___ Exercise inputs ___

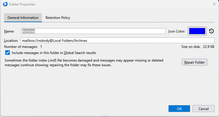 I have tried several different approaches to correct this "mailbox://nobody@Local Folders/Archives" to set up my local folder and reduce my providers quota. but I havent been able to change it. Has anyone been able to fix this and direct it to a local NAS folder?
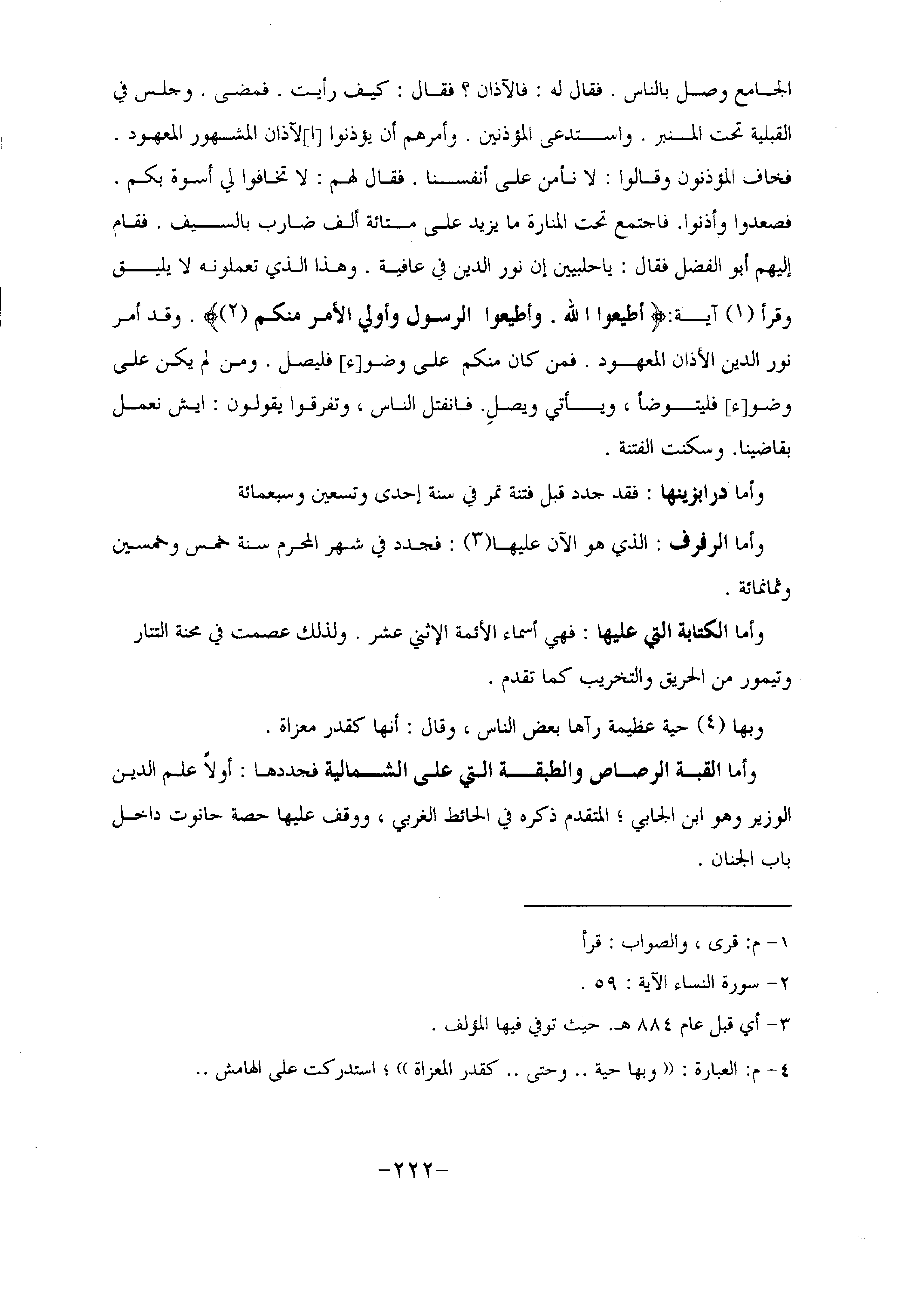 . وقد أمر نور الدين الأذان المعهود. فمن كان منكم على وضو [ء] فليصل. ومن لم يكن على وضو [ء] فليتوضأ، ويأتي ويصل. فانفتل الناس، وتفرقوا يقولون: ايش نعمل بقاضينا. وسكنت الفتنة.
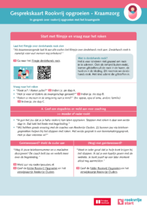 Als kraamverzorgende gun je het ieder kind om rookvrij op te groeien. Maar hoe bespreek je dit met het kraamgezin? En hoe moedig je kraamvrouwen die gestopt zijn met roken aan om rookvrij te blijven? Op deze gesprekskaartvind je een stappenplan met voorbeeldzinnen voor het gesprek.
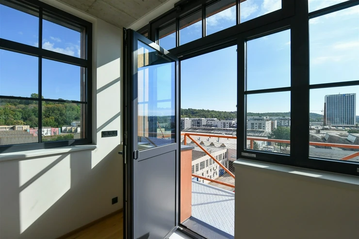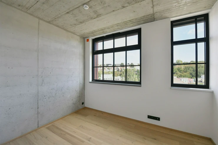 The architecture of the building sensitively refers to the industrial history of the place and creates the impression of a work of art. A terrace or balcony on each floor significantly expands the living area of the apartment, offering not only a pleasant outdoor seating area but also a functional space for various uses.
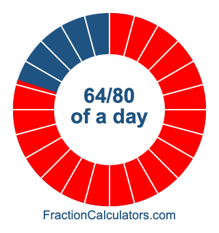 Here we will show you how to calculate exactly how many hours, minutes, and seconds there are in 64/80 of a day. We will also illustrate what 64/80 of a day looks like on a pie chart.

___

The records above should be retyped in full and exactly; omit the pictures.

 I have tried several different approaches to correct this "mailbox://nobody@Local Folders/Archives" to set up my local folder and reduce my providers quota. but I havent been able to change it. Has anyone been able to fix this and direct it to a local NAS folder?
 . وقد أمر نور الدين الأذان المعهود. فمن كان منكم على وضو [ء] فليصل. ومن لم يكن على وضو [ء] فليتوضأ، ويأتي ويصل. فانفتل الناس، وتفرقوا يقولون: ايش نعمل بقاضينا. وسكنت الفتنة.
 Als kraamverzorgende gun je het ieder kind om rookvrij op te groeien. Maar hoe bespreek je dit met het kraamgezin? En hoe moedig je kraamvrouwen die gestopt zijn met roken aan om rookvrij te blijven? Op deze gesprekskaartvind je een stappenplan met voorbeeldzinnen voor het gesprek.
 The architecture of the building sensitively refers to the industrial history of the place and creates the impression of a work of art. A terrace or balcony on each floor significantly expands the living area of the apartment, offering not only a pleasant outdoor seating area but also a functional space for various uses.
 Here we will show you how to calculate exactly how many hours, minutes, and seconds there are in 64/80 of a day. We will also illustrate what 64/80 of a day looks like on a pie chart.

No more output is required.